“The restructuring of the company is paying off,” SunPower CEO Tom Werner told GTM.
SunPower returned to profitability and exceeded its revenue guidance in the second quarter, pointing to signs that its strategic overhaul is bearing fruit. Shares surged 20 percent in after-hours trading, to around $14.
Though the company is still working to improve its financial position, CEO Tom Werner said the Q2 results represent “clear evidence of the success of our strategic transformation.”
That transformation began about a year ago, with SunPower reimagining its business around a long-range vision centered on distributed generation and storage-plus-services. The company excised its utility-scale development division and re-oriented its business around three core areas: its manufacturing arm, known as SunPower Technologies, and the two branches of its Energy Services division, commercial and residential distributed generation.
SunPower’s acquisition of SolarWorld Americas in 2018 provided it with a U.S. manufacturing base. Its subsequent exclusion from tariffs have eased some of its headwinds, allowing the company to focus on its business transition unencumbered by trade constraints.
On a GAAP basis, the U.S. solar installer posted a Q2 net profit of $121.5 million on revenues of $463.3 million, a huge turnaround from its $447.1 million loss during the same quarter last year.
However, it expects to slide back into a loss in the third quarter. Whether the company can remain profitable over the longer term is another question.
Distributed generation shipments were up 58 percent quarter-over-quarter, and SunPower noted that production of its Next Generation Technology solar panels continues to ramp after a late-2018 start.
The company said it will hit 10 percent annual growth across all three business units in 2019 and is looking to 20 percent growth in the long term.
Based on its performance, the company adjusted its EBITDA guidance for the year to between $100 and $120 million, following its raised guidance in the first quarter of 2019.
Bringing in storage and services
Moving forward, SunPower has laid out a vision that incorporates energy services and storage in its residential and commercial businesses to stack revenue. By integrating storage and digital services into its business model, SunPower hopes it can become more than a solar company to its customers.
It’s an idea shared by many in the energy industry, as the lines between developers, service providers and utilities become murkier. Werner has said SunPower’s plans put the company in competition with the likes of Shell and National Grid, who are peddling a similar vision. But he’s also suggested that SunPower’s positioning within solar should offer an edge.
“We believe services will become a significant driver of long-term profit growth,” said Werner on the Wednesday earnings call. “We can increase customer stickiness with expanded margins.”
The company said its storage pipeline has grown to more than 135 megawatts for commercial and industrial customers. In June SunPower inked a large solar-plus-storage deal with Whole Foods for eight stores connected to 2.6 megawatts of solar and 483-kilowatts of storage.
Werner said the company is now hitting 35 percent attachment rates for storage with commercial customers.
“That is both revenue-enhancing and margin-enhancing,” the CEO said in a post-call interview with Greentech Media. “In some of those systems in C&I we’ve started to offer services. That’s not a big revenue driver [now], but in the long term it’s a profit driver.”
SunPower’s residential storage offering, Equinox, is still slated for release in the second half of the year.
Cash on hand
SunPower’s cash and cash equivalents dropped from $185 million in Q1 2019 to $167 million in Q2, but the company is still working to bring in more money in the near-term. It will continue its strategy of offloading commercial and residential leases after certain points in the development cycle. In March, it sold more than 200 megawatts of commercial projects to a subsidiary of Goldman Sachs Renewable Power.
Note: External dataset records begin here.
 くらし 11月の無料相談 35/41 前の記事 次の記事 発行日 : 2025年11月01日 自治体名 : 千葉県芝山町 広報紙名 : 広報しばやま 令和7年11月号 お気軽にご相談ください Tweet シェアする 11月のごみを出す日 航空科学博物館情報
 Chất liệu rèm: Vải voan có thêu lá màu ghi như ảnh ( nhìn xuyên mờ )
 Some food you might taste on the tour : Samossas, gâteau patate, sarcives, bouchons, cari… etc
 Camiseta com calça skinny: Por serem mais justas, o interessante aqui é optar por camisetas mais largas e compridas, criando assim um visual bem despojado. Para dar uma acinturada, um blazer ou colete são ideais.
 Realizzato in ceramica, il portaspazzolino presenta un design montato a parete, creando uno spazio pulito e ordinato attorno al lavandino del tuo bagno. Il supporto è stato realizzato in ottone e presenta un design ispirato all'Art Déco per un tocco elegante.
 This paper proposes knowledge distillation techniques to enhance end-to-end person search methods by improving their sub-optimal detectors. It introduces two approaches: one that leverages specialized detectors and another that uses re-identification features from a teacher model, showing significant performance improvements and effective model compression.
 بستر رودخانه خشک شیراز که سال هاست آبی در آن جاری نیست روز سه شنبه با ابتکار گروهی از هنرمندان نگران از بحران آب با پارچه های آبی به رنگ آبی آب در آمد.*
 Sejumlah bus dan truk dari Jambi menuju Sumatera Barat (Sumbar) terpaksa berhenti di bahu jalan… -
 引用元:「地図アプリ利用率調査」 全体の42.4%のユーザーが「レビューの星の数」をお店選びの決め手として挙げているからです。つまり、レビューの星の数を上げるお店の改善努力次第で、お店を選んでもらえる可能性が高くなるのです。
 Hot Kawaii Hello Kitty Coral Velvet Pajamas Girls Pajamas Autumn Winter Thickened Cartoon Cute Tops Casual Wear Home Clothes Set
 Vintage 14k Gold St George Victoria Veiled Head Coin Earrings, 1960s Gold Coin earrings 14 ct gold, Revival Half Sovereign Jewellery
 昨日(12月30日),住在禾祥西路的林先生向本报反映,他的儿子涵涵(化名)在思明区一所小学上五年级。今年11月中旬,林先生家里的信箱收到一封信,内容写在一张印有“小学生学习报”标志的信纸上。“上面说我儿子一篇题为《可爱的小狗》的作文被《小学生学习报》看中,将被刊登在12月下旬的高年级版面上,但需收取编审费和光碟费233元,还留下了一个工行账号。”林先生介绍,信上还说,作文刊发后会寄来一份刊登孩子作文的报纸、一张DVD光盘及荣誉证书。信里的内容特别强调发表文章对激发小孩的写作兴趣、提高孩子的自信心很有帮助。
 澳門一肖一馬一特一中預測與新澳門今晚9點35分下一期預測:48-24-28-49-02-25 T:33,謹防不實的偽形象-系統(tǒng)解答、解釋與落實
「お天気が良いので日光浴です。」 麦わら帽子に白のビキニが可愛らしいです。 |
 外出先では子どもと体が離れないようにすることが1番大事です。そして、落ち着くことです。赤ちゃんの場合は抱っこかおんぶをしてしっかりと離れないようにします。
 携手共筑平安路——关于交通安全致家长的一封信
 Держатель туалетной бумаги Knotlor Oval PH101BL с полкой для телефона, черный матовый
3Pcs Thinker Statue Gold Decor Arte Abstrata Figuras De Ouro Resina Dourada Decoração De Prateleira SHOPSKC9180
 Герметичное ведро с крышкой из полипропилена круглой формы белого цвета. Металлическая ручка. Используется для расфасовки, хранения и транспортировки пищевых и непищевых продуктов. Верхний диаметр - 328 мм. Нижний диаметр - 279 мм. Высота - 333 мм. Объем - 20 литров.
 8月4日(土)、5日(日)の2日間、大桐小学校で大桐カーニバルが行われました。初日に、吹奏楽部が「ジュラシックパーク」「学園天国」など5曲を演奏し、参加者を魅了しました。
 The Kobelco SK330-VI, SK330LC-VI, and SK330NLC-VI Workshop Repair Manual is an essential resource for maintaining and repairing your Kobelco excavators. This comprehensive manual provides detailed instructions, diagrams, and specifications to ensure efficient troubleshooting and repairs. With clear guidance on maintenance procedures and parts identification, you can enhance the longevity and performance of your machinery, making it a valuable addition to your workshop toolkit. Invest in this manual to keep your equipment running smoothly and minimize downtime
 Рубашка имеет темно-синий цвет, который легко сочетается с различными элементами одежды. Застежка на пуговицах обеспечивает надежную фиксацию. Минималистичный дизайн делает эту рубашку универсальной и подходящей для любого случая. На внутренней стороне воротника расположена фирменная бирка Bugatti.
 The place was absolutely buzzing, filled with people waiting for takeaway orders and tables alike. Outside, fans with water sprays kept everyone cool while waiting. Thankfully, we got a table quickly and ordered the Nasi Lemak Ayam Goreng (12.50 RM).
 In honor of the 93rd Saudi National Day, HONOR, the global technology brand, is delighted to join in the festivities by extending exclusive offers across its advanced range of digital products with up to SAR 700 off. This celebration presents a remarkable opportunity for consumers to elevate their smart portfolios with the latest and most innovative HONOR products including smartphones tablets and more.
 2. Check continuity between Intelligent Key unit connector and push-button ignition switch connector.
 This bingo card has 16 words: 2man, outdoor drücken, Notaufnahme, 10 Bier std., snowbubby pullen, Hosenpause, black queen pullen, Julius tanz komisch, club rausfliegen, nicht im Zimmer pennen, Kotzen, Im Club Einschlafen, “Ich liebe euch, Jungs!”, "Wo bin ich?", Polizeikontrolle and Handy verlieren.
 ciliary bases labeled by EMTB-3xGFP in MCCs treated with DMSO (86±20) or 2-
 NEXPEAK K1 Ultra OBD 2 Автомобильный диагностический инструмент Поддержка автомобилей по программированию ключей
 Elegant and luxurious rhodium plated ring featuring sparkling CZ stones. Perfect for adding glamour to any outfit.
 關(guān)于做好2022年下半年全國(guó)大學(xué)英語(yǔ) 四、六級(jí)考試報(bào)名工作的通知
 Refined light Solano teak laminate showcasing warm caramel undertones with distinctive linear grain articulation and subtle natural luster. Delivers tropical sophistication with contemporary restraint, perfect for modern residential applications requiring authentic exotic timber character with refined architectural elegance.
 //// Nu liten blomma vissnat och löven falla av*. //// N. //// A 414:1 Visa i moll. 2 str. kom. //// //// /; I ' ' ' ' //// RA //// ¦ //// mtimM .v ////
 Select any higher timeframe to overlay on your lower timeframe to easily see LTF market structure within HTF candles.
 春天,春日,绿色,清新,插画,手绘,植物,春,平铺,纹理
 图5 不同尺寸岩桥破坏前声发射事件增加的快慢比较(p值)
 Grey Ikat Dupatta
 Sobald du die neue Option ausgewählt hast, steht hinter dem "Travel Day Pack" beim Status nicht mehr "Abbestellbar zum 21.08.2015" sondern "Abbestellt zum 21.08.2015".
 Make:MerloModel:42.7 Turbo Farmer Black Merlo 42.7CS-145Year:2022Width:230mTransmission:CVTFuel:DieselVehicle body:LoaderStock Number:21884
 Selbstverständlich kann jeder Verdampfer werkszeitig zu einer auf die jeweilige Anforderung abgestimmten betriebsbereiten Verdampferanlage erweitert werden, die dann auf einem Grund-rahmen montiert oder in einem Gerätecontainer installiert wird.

“What we’ve done in both residential and commercial, when we get a project perfected, … we can sell that project,” said Werner. “We accomplish two things: one, we get the cash earlier, two, we simplify our [profit and loss statement].”
Those one-time sales should work alongside the company’s ongoing revenues from storage and services as those businesses grow.
Last year SunPower also offloaded its stake in yieldco 8point3 Energy Partners and sold its microinverter business to Enphase.
Werner told GTM that SunPower expects to finish the sale of the Oregon factory it acquired through its purchase of SolarWorld in the upcoming quarter. SunPower will continue manufacturing at that facility by leasing back the space it needs.
On Wednesday, SunPower also filed paperwork with the Securities and Exchange Commission noting the sale of 1 million Enphase shares between July 11 and July 30. Werner called it a “cash generating and diversifying” move. SunPower now owns 6.5 million shares of Enphase, a company it’s partnered with on its inverter-integrated module, and Werner said the company does not expect to sell further shares this year.
Ultimately, while SunPower is still clawing out of financial hardship, Werner said “it’s a good time to be in solar” because of strong demand in key markets and the value proposition tied to storage and service additions on distributed solar.
“The restructuring of the company is paying off,” Werner said in the interview.
“As we look multi-year to the growth and profitability of SunPower, we have the focus on DG, our new [Next Generation Technology product] and storage and services, which become meaningful and very meaningful the following year.”